In [None]:
# Import python packages
import streamlit as st
import pandas as pd

# We can also use Snowpark for our analyses!
from snowflake.snowpark.context import get_active_session
session = get_active_session()


# Building a Multi-Index Search Service 

In this notebook, we are going to look at building a multi-index Cortex Search service. 

**Use Case: JIRA Ticket Similarity** --> We will be looking at a dataset consisting of Jira tickets in one system and comparing the similarity to tickets in another system.
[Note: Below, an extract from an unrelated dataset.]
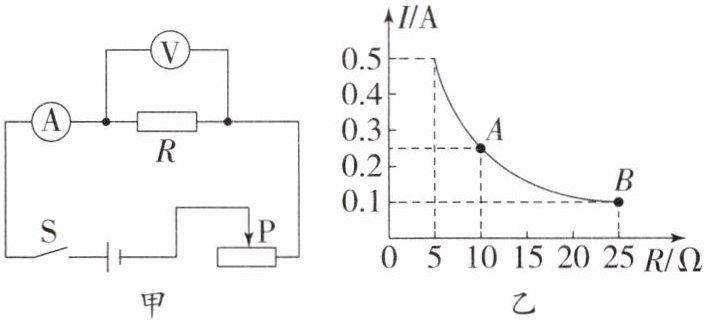 3. 在“探究电流与电阻的关系”的实验中,电路如图甲所示,多次改变电阻$R$的阻值,并记录对应的电流表示数,得到如图乙所示的电流随电阻$R$变化的图像。由图像可以得到电压表示数始终保持
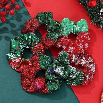 Women's Velvet Christmas Bow Hair Ties 12 Colors Santa Snowflake Patterns

In this our JIRA tickets have multiple columns and tags that we want to look into searching over between systems. 

Items we want to search over include :
* Jira Ticket Title: High-level written title by user 
* Jira Ticket Description: Detailed description into what is happening in the JIRA ticket 
* Jira Ticket Component: Category or tag into what is failing in the ticket 

Beyond that, we have this additional information on our JIRA tickets:
* Created Date: When the ticket was created 
* Priority: If the ticket is high/low/medium priority for resolution 
* Status: The status of the ticket, is it open, being worked on, or closed 

In [None]:
-- Welcome to Snowflake Notebooks!
-- Try out a SQL cell to generate some data.
SELECT * FROM 
DEMODB.MULTIINDEXSEARCHJIRA.SYSTEM_A
LIMIT 10 ;

## Creating the Cortex Search Service 

Now that we have seen our ticket data, we are going to create the Cortex Search service over this ticket data. 
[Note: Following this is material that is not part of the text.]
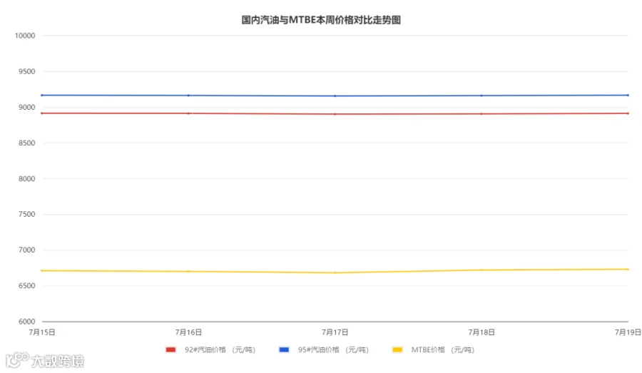 本周期,国内MTBE市场均价约6734元/吨,相较于上一周期上涨85元/吨,涨幅1.28%。

When working with multi-index cortex search, there are two key ways we think about defining available indexes. These are as **text indexes** or **vector indexes**. 

**Text Indexes** 

Text indexes are indexes used for fields where exact or fuzzy keyword matches are important (e.g., product codes, names, categories).

In our example, a few text indexes could be:
* Component --> keyword categories 
* Title --> looking for keywords or component names in the description 

**Vector Indexes** 

Vector indexes are indexes used for fields with longer text content where semantic understanding is valuable (e.g., descriptions, reviews).
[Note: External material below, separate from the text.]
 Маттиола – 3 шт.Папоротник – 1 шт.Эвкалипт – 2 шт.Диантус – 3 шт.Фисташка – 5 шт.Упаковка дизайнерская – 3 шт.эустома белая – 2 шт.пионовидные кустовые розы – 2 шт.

In our example, a few vector indexes could be:
* Description --> need a semantic understanding into what the ticket is about 
* Title --> need for a semantic understanding of the quick user description 

**Other Attributes in Search** 

Similar to standard Cortex Search, we also have the ability to identify attributes the enable our end-users to tune their Cortex Search to their needs. This enables users to filter the results by these key attributes. 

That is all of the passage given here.